BEGIN

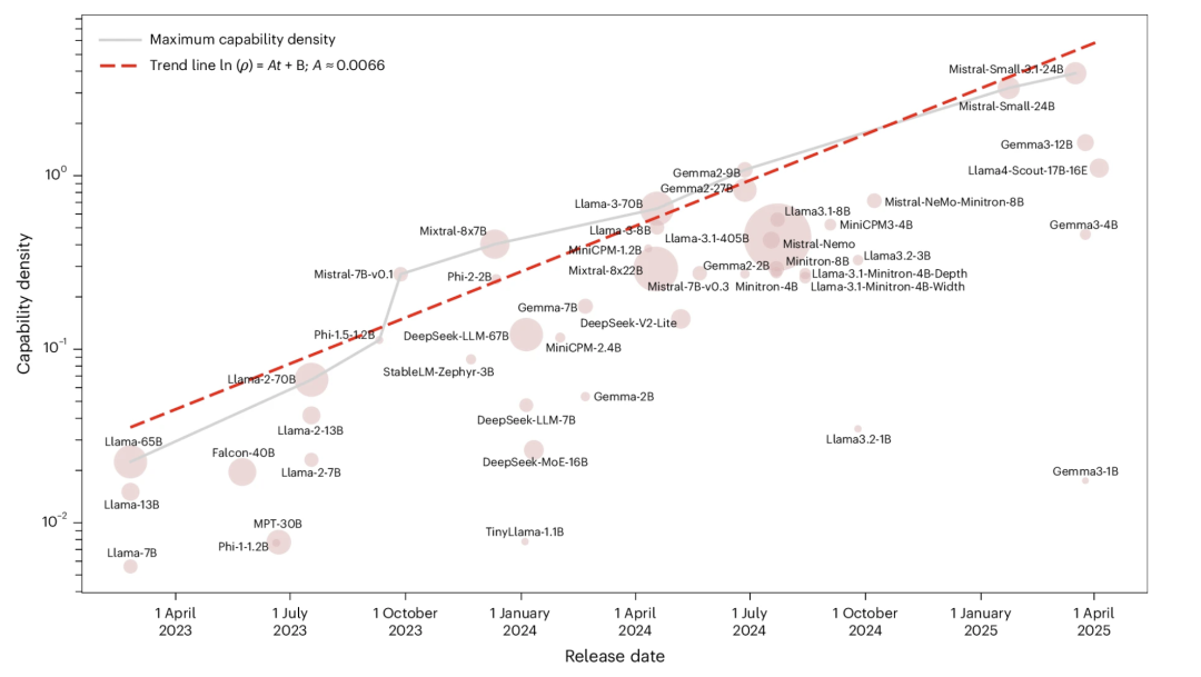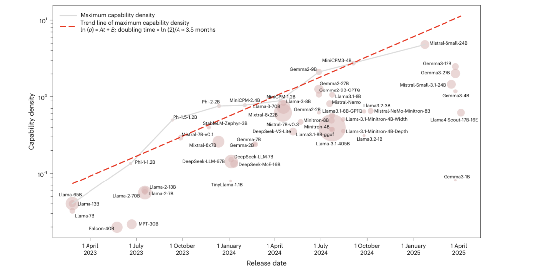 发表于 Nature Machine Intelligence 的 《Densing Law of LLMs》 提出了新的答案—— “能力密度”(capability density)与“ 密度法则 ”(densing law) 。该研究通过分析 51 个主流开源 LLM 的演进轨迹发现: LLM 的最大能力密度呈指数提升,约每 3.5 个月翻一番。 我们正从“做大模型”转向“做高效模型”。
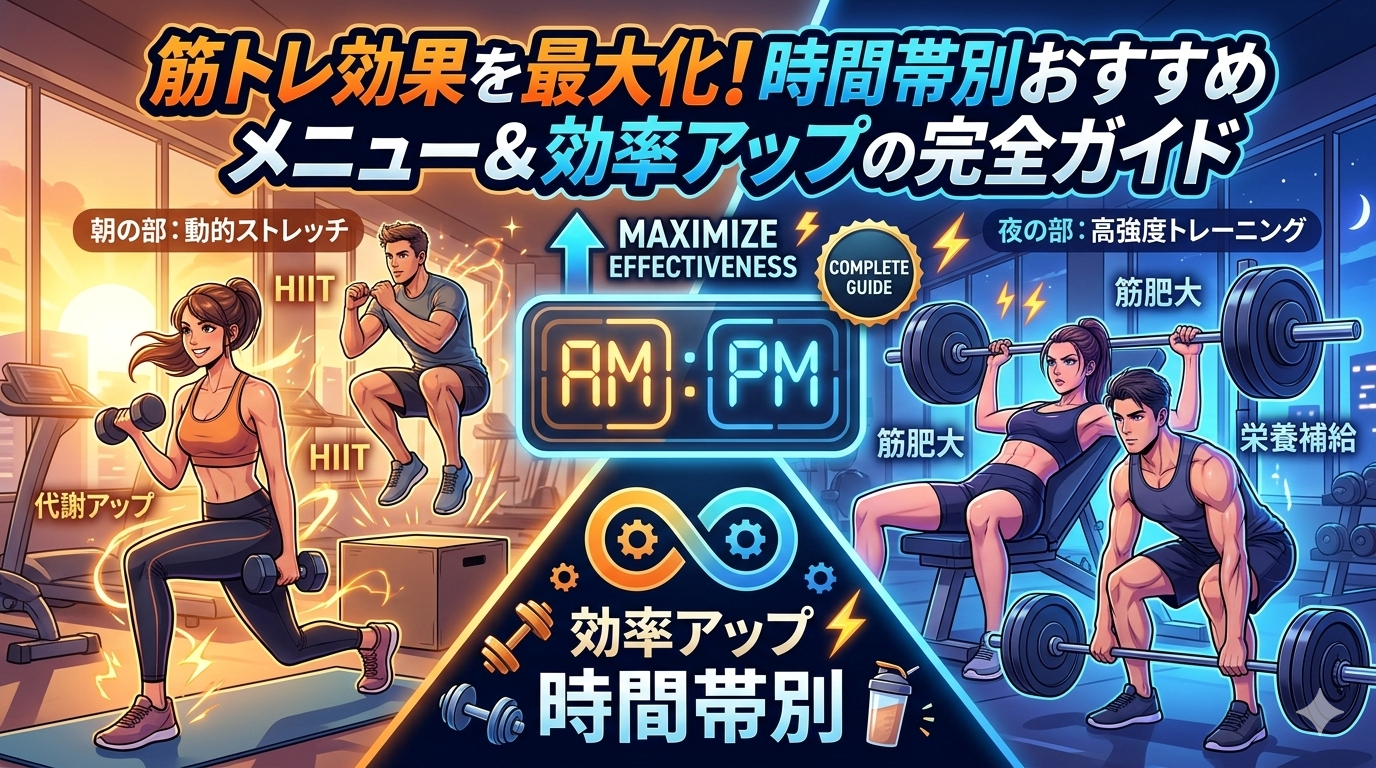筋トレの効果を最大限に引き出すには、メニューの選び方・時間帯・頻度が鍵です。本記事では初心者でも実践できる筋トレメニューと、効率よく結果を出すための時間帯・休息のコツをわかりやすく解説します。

END
BEGIN

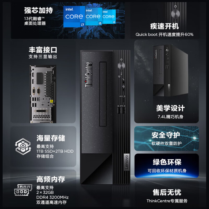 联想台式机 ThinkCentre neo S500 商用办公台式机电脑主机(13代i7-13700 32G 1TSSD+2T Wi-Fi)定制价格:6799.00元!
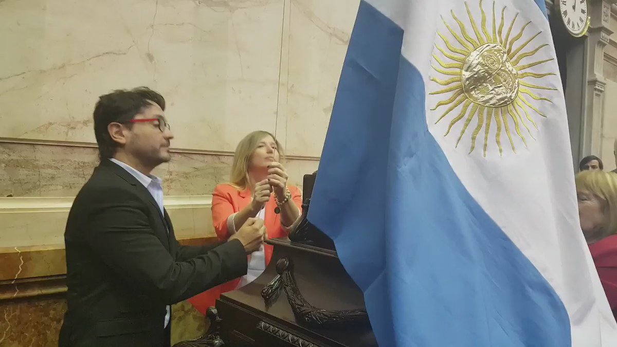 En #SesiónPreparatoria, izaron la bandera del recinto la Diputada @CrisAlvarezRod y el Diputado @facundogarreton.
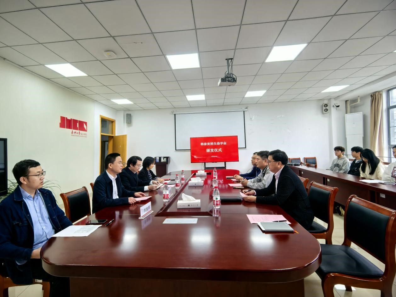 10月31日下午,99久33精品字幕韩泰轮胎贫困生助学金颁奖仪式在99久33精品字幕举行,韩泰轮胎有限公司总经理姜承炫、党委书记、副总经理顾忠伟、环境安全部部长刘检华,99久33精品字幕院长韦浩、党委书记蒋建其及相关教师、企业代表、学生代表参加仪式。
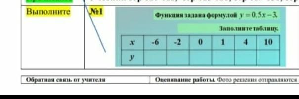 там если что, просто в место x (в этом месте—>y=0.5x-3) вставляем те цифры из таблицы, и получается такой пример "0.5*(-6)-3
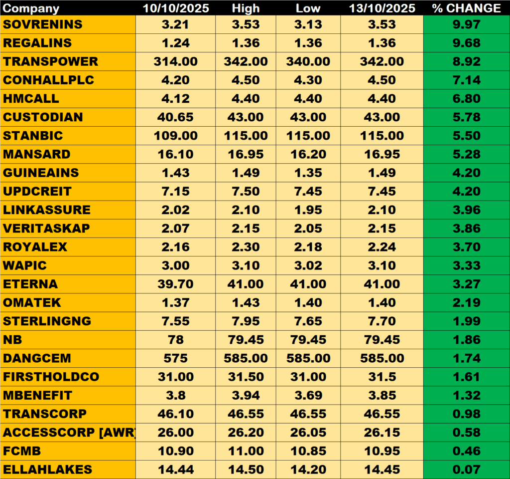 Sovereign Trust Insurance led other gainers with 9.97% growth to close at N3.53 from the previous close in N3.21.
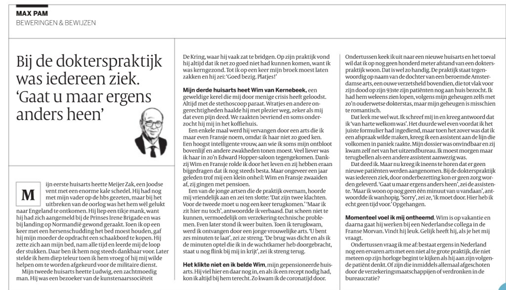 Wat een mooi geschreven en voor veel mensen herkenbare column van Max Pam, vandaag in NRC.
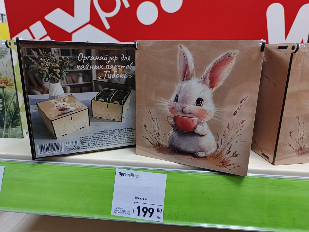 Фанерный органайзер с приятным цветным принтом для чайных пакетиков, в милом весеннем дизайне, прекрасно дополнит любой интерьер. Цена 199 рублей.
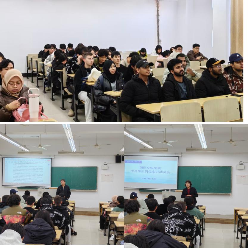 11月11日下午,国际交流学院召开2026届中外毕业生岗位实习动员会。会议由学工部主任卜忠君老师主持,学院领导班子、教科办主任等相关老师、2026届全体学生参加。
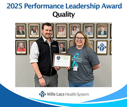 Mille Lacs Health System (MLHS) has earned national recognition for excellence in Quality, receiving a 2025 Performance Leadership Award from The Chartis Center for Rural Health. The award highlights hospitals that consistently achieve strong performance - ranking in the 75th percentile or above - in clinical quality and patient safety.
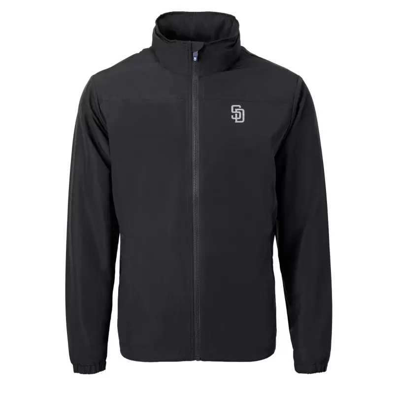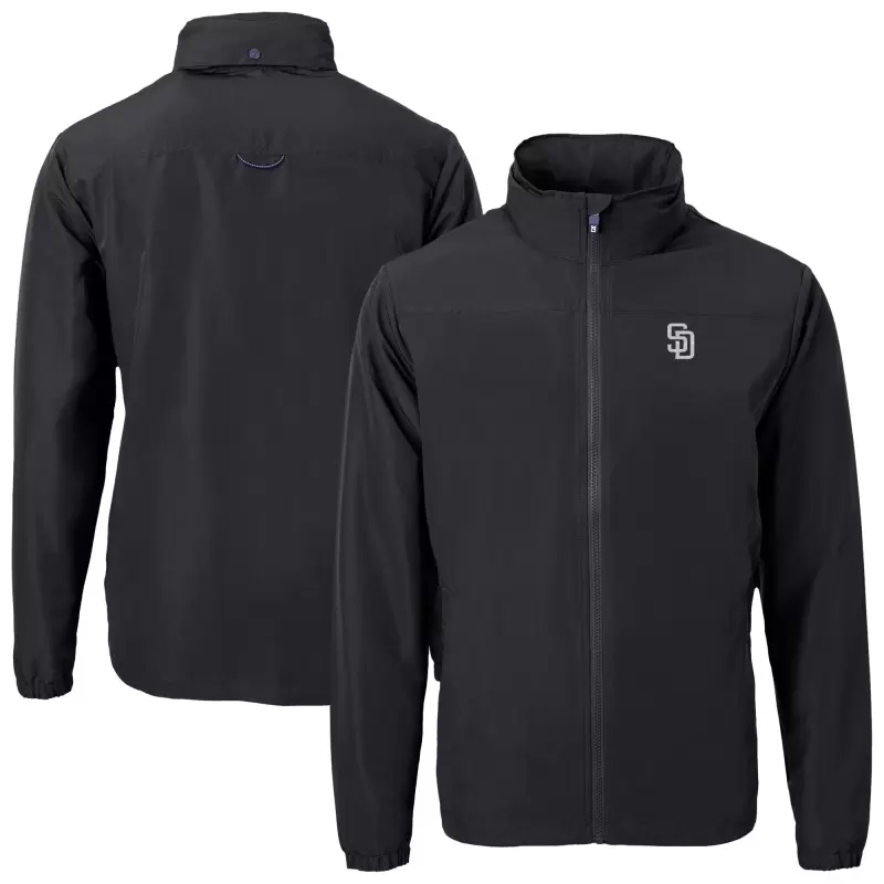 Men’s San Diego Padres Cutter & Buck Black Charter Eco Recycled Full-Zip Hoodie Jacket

END

**ACTION ITEM**
Set down word for word the lines above from the one with "10月31日下午,99久33" up to and including the one with "Men’s San Diego". Omit every picture.

**RESPONSE AREA**
 10月31日下午,99久33精品字幕韩泰轮胎贫困生助学金颁奖仪式在99久33精品字幕举行,韩泰轮胎有限公司总经理姜承炫、党委书记、副总经理顾忠伟、环境安全部部长刘检华,99久33精品字幕院长韦浩、党委书记蒋建其及相关教师、企业代表、学生代表参加仪式。
 там если что, просто в место x (в этом месте—>y=0.5x-3) вставляем те цифры из таблицы, и получается такой пример "0.5*(-6)-3
 Sovereign Trust Insurance led other gainers with 9.97% growth to close at N3.53 from the previous close in N3.21.
 Wat een mooi geschreven en voor veel mensen herkenbare column van Max Pam, vandaag in NRC.
 Фанерный органайзер с приятным цветным принтом для чайных пакетиков, в милом весеннем дизайне, прекрасно дополнит любой интерьер. Цена 199 рублей.
 11月11日下午,国际交流学院召开2026届中外毕业生岗位实习动员会。会议由学工部主任卜忠君老师主持,学院领导班子、教科办主任等相关老师、2026届全体学生参加。
 Mille Lacs Health System (MLHS) has earned national recognition for excellence in Quality, receiving a 2025 Performance Leadership Award from The Chartis Center for Rural Health. The award highlights hospitals that consistently achieve strong performance - ranking in the 75th percentile or above - in clinical quality and patient safety.
 Men’s San Diego Padres Cutter & Buck Black Charter Eco Recycled Full-Zip Hoodie Jacket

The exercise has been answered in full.